A day after news emerged of a party bus and a champagne bottle and a lady named Sweet Pea cracking receiver Jacoby Jones upside the head with it, Ravens receiver Torrey Smith tried to downplay the incident.

As Smith explains it, it’s only an incident because the media found out about it.

“It’s only bad because someone went and ran to TMZ,” Smith said Tuesday at a Habitat for Humanity construction project, via Aaron Wilson of the Baltimore Sun. “If no one knew, it wouldn’t be an issue. We would resolve it in the locker room. It’s resolved anyways. We just have to deal with the questions from the media. I think it’s funny that we’re doing this, building a home, one day after everybody found out about the other thing. We all know it comes with the territory. Everybody is doing a great job.”

We understand Smith’s point, even if his words may come off to some as a little crass. He’s a great player and a responsible kid, and what those present at the party bus did shouldn’t be a reflection on players who weren’t there. Besides, if the locker room had 53 guys like Torrey Smith, the incident likely wouldn’t have happened.

The media won’t find out about an embarrassing incident if an embarrassing incident doesn’t happen. As ESPN analyst and former Ravens linebacker Ray Lewis has explained, it points to an absence of leadership.

Smith disagrees with Lewis, and Smith wasn’t afraid to say so.

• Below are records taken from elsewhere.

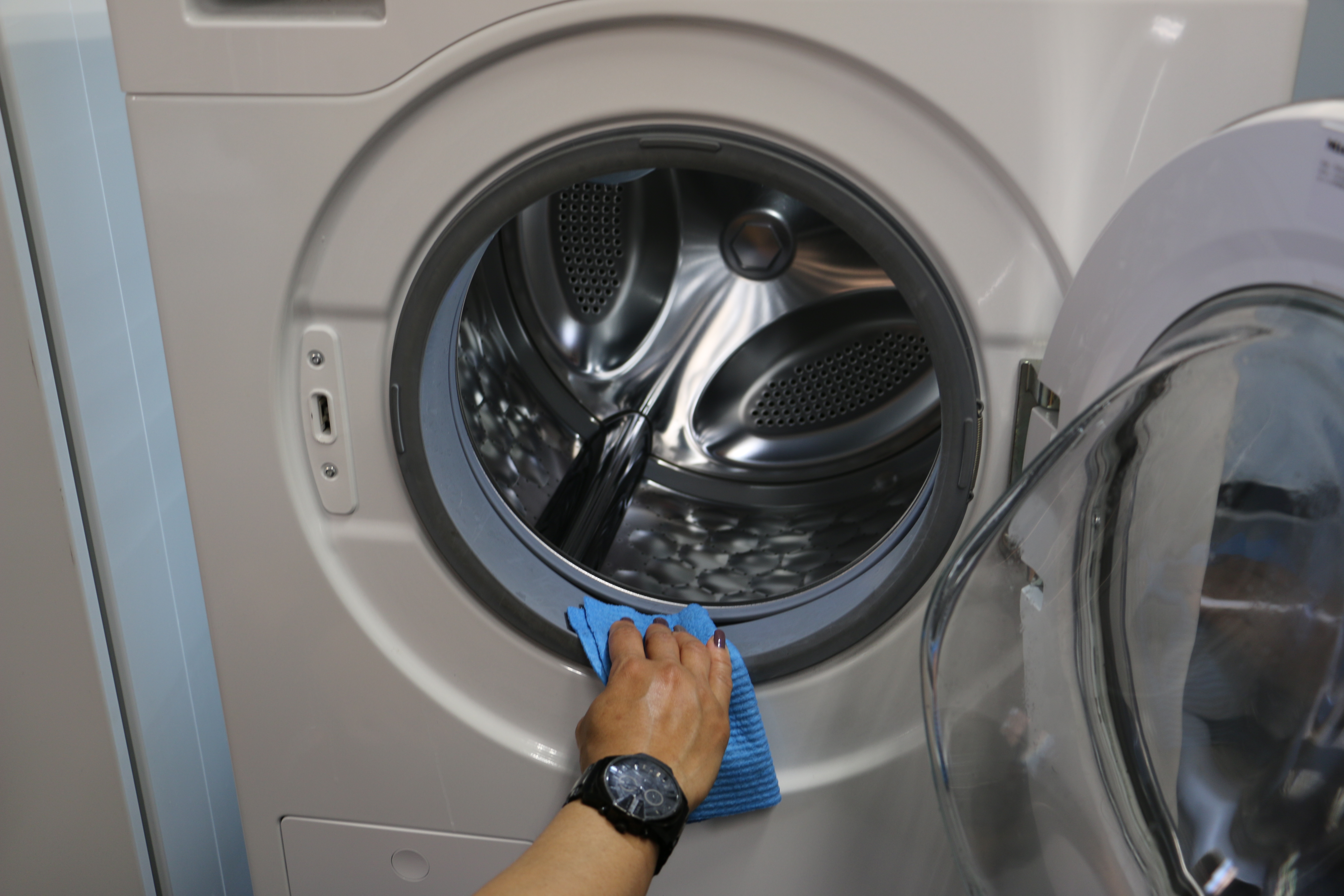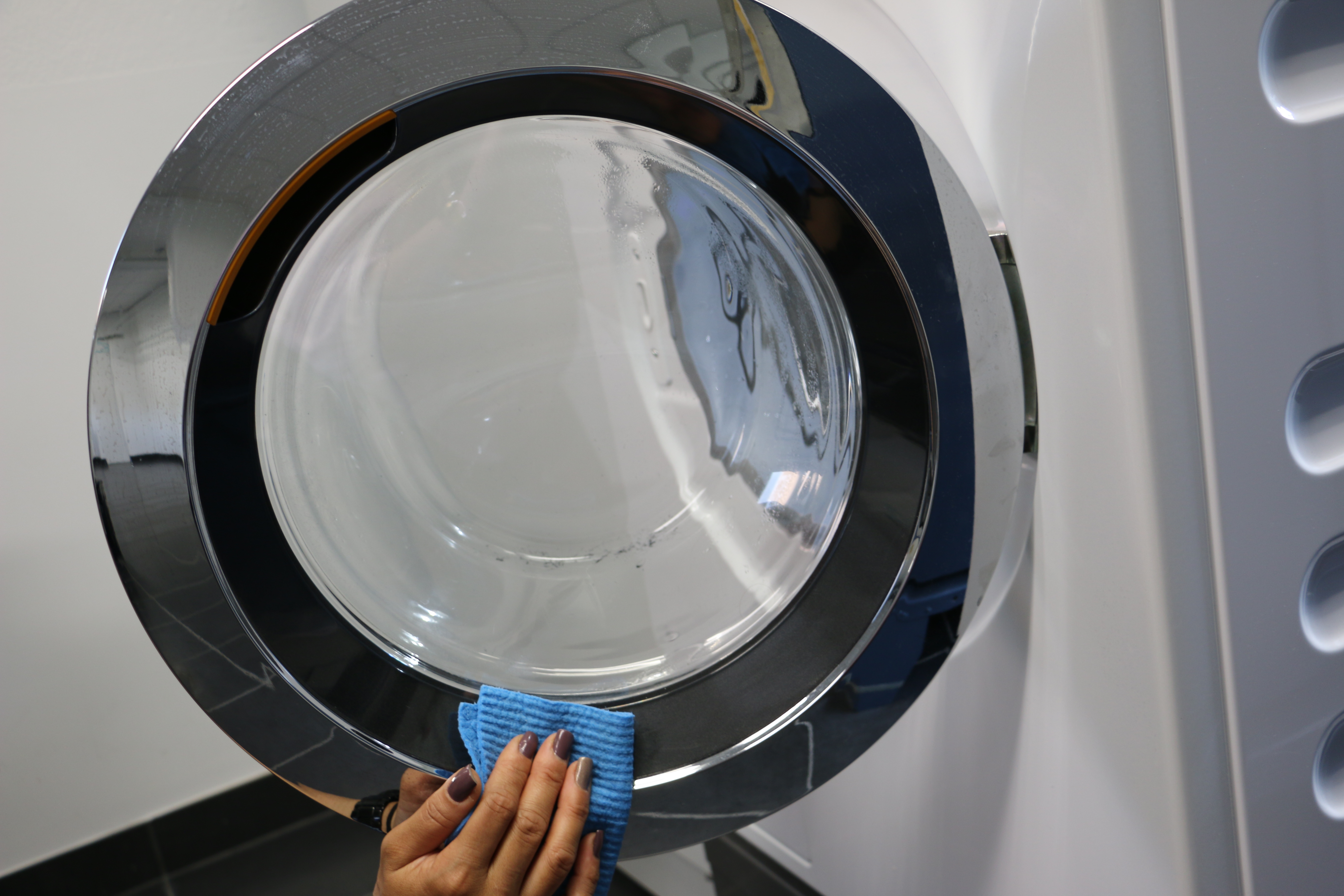Torka av tvättmaskinen och rengör tvättmedelsfacken.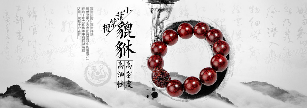 本作品内容为水墨手串珠宝背景, 格式为 psd, 图片尺寸为1920 x 675, 作品中背景图片无需修改, 源文件无水印,可以直接使用, 欢迎使用熊猫办公。 如认为平台内容涉嫌侵权,可通过邮件:tousu@tukuppt.com提出书面通知,我们将及时处理。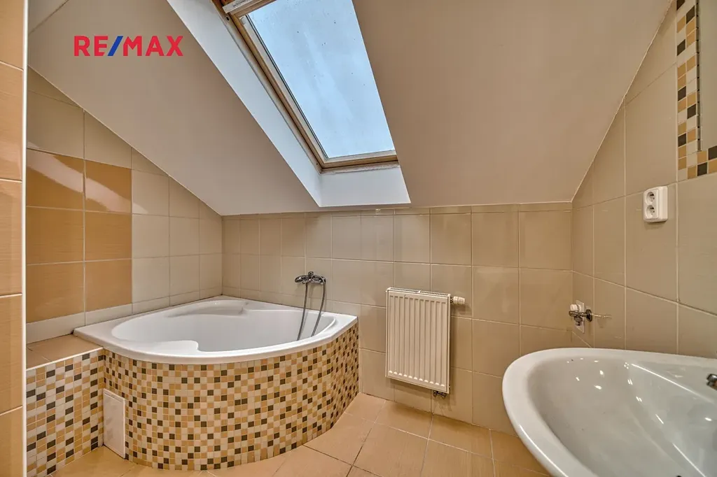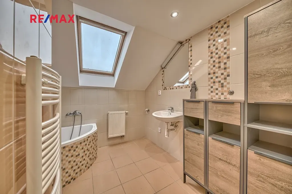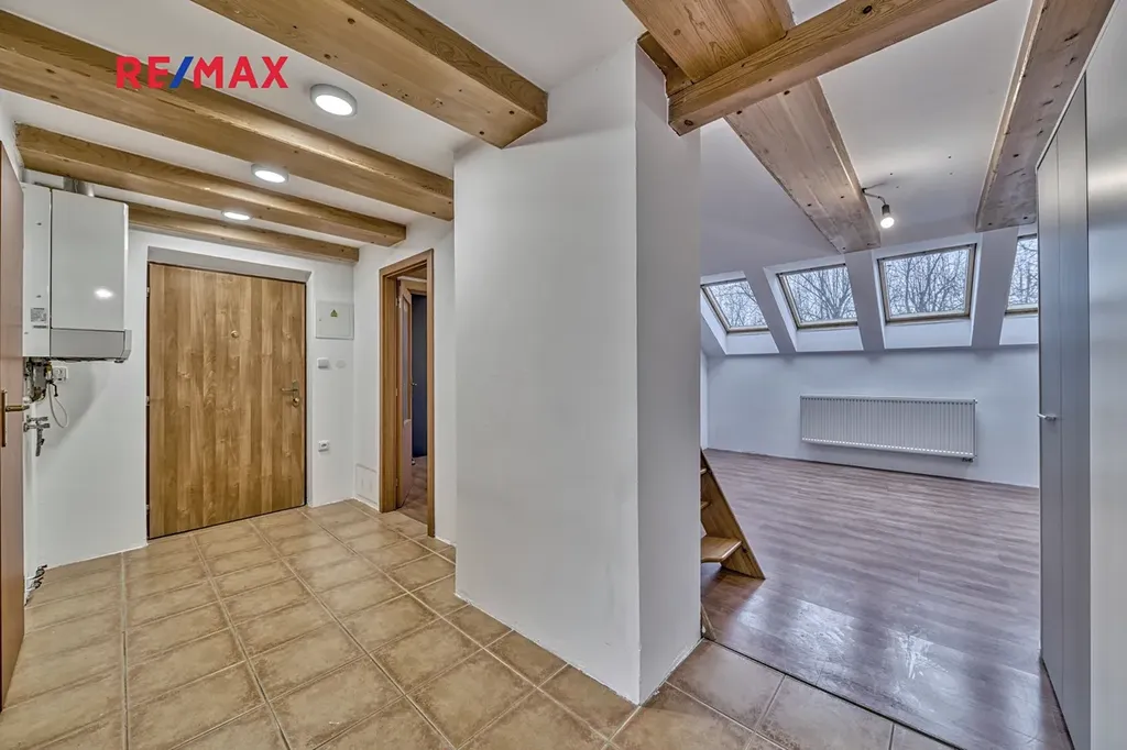 Vytápění bytu je zajištěno vlastním plynovým kotlem s rozvody do radiátorů. Na podlahách jsou plovoucí podlahy a dlažba. Střešní okna jsou dřevěná, v kuchyni plastová.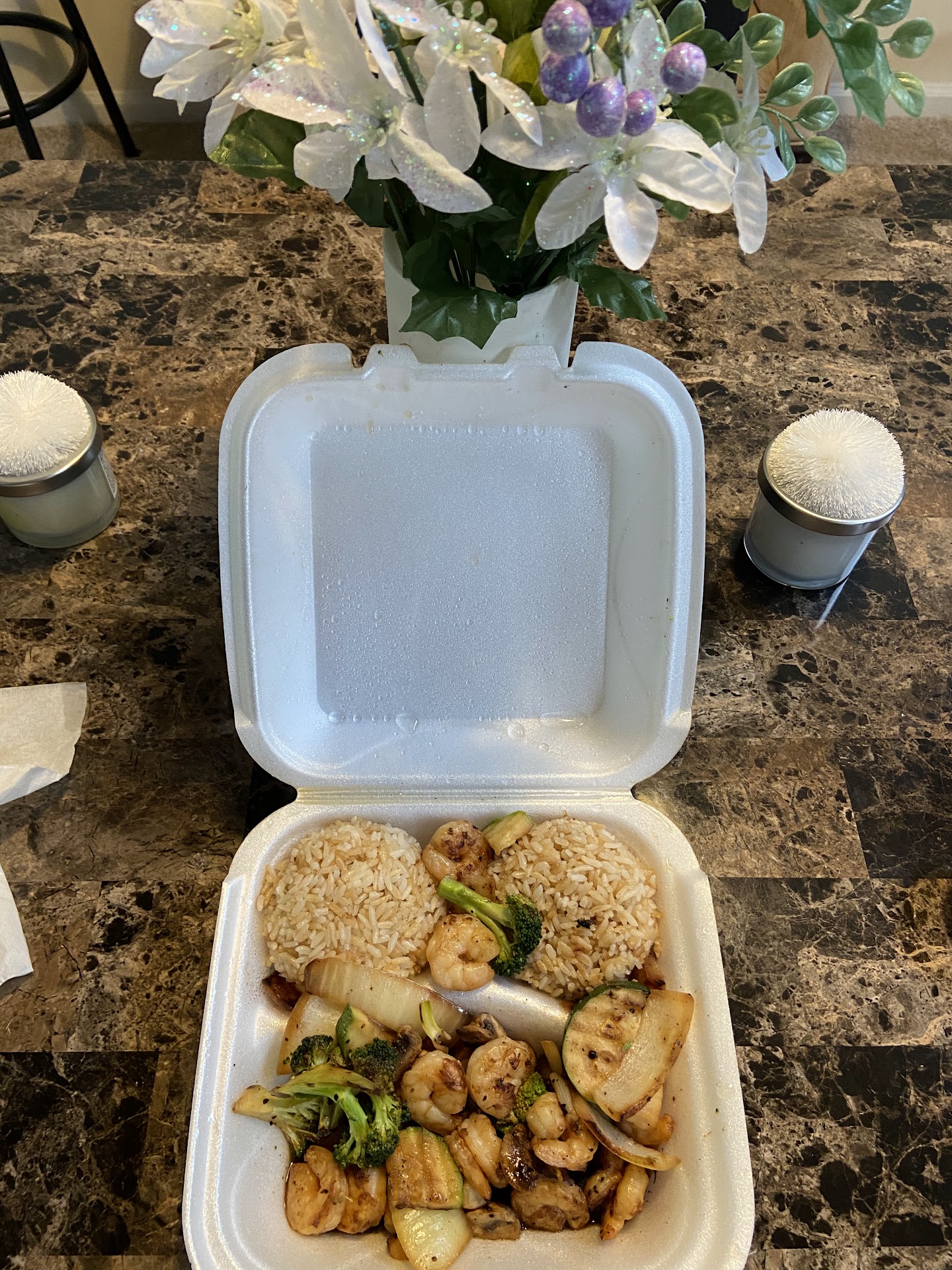 Order take out from here last night on my way home after shopping in the area. I ordered chicken and shrimp hibachi. The rice was slightly burnt and the meats overcooked. But I'm not even concerned about that. I'm concerned about finding what appeared to look like a small spider in my rice. I was only a few bites into my food thank goodness but it was definitely not broccoli. Now yes I was upset and immediately called the restaurant and left a message but I suppose they were gone for the evening due to it was right after closing. However I got no return call in the morning or afternoon and ended up calling myself in which the manager in my opinion rudely blew me off when I addressed my issue. Pretty much offered excuses and no solutions. Eventually told me to bring the food back and that's the only way he'll give my money back. I live 1 hr away. I was passing through and further more who's gonna keep food that long til I'm able to get back up that way again. I told him I had my receipt and pictures of the food and spider. He pretty much hung up on me at that point. I will never eat here again and I can't advise anyone else either. I know things happen and a small insect can get into a bag of rice that's common sense. Or could have crawled on my plate who knows. I wasn't making issue with that fact. My issue is with the lack of customer service I was offered. Whether you're a new business or old business, your doors only stay open long term if you know how to treat...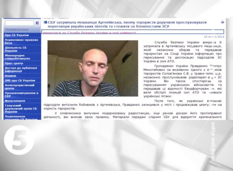 За даними відомства, зловмисник із травня незаконно прослуховував радіопереговори українських військових. Робив це за вказівкою терористів. Окрім того - чоловік спостерігав за пересуванням силовиків. А потому передавав цю інформацію бойовикам, які обстрілювали позиції АТО. У мешканця Артемівська вилучили модернізовану радіостанцію та інші докази. Чоловік визнав свою провину.
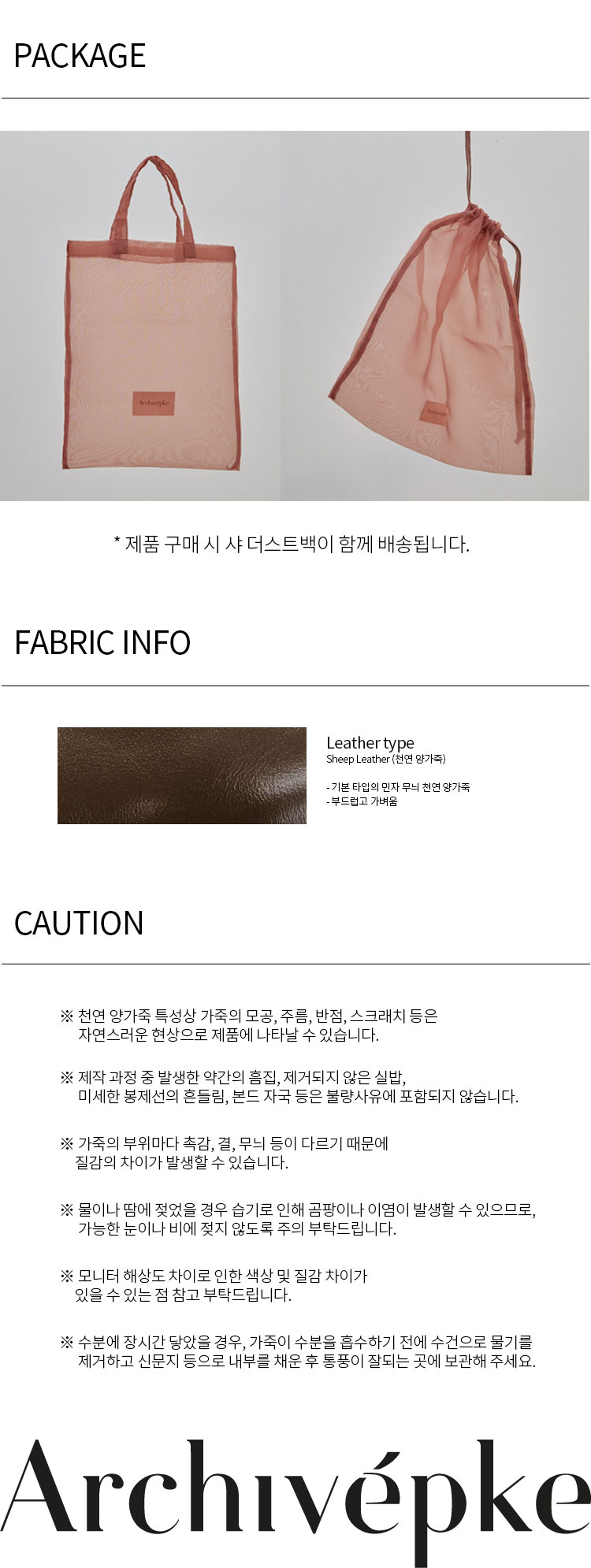 천연 가죽 제품으로 착용 및 보관시 습기나 물에 노출되지 않는 것이 좋으며, 물에 닿았을 경우 마른 수건으로 닦아주고 서늘한 곳에서 말려주는 것이 좋다.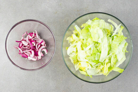 Die Zwiebel schälen, halbieren und in feine Streifen schneiden. Den Salat ebenfalls in feine Streifen schneiden. Die Zwiebeln mit 1EL Essig, 1/2TL Zucker und 1 kräftigen Prise Salz vermengen und beiseitestellen.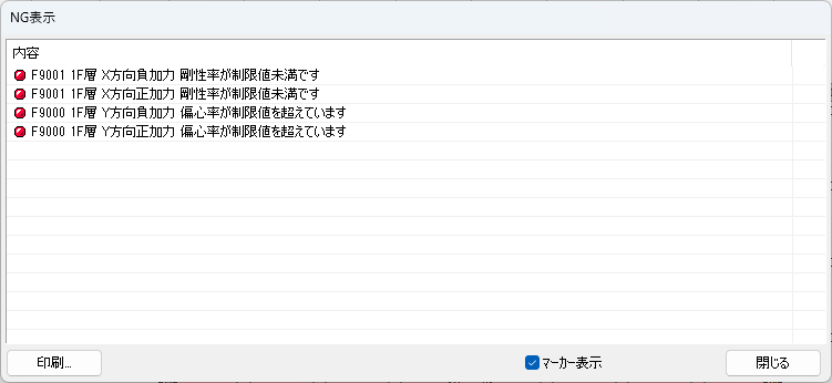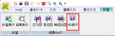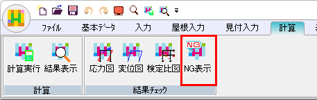[計算]メニューから[NG表示]を選択し、[NG表示]ダイアログを表示します。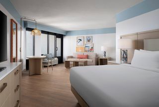 The multi-brand concept provides larger and enhanced communal areas and amenities compared to the standard for a standalone property, benefiting both business and leisure travelers. The oceanfront resort has a vast range of comforts, including two on-site restaurants, Ocean Blue Restaurant and Southern Tide Bar & Grille. Recreational options include six pools and three waterslides, direct access to the beach and Springmaid Pier, mini-golf course, sport courts, and 24-hour fitness centers. Additionally, the hotel offers 38,000 square feet of flexible meeting space.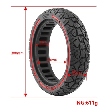 Punkteringsfrie dekk - trygge og vedlikeholdsfrie: Dette dekket gjør at du ikke trenger bekymre deg for flere punkteringer. Det solide dekket krever ingen slanger eller luft og du unngår punkteringer, reparasjoner og vedlikehold fullstendig. Det mønstrede dekket er laget av slitesterk gummi og har en overflate som gir utmerket grep og god sklibeskyttelse, selv i snø og regn. Elsparkesykkel-dekket er trykkbestandig, robust og støtdempende, noe som gir ekstra komfort.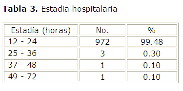 El 99.48 % de los pacientes intervenidos por este sistema fue egresado antes de las 36 horas de operado, con iguales resultados de otros artículos revisados (Tabla 3).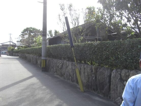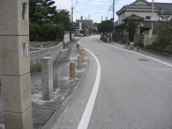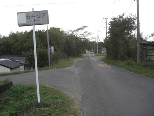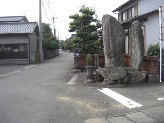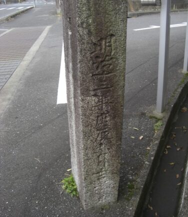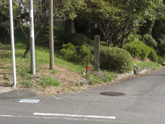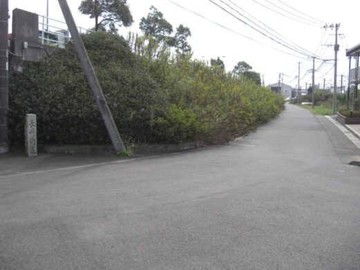 T字路を左に折れるところに、石柱があるがチョット読めません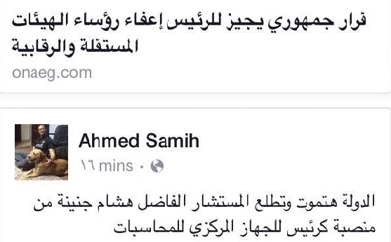 وكتب “سميح” في منشور له عبر صفحته الرسمية على موقع “فيس بوك”: “الدولة هتموت وتطلع المستشار الفاضل هشام جنينة من منصبه كرئيس للجهاز المركزي للمحاسبات”.

“We have great leadership, so to say because of one incident, that it’s a leadership issue, to me, is a joke because everyone is not going to always be around and incidents happen,” Smith said. “Stuff happens in the locker room, stuff happens in the spur of the moment. Now, if it happens every week, all the time, then that’s a problem. For one incident to happen and say it’s a leadership issue when most of the team wasn’t there, it’s an overreaction.”

Maybe it’s an overreaction the organization helped engineer. At a time when the Ravens are looking for new leaders to step up, and in the immediate aftermath of coach John Harbaugh publicly chiding those involved in the incident, it wouldn’t be a stretch to assume that someone from the team asked Lewis to join in the chorus, essentially challenging Smith and others to hold those involved in the party bus incident sufficiently accountable to keep stuff like that from happening again.

Regardless, whether other incidents happen will depend on how the team responds to this one. And on whether players like Smith will be willing to demand better behavior at a time when the Ravens are trying to pull off the rare feat of repeating.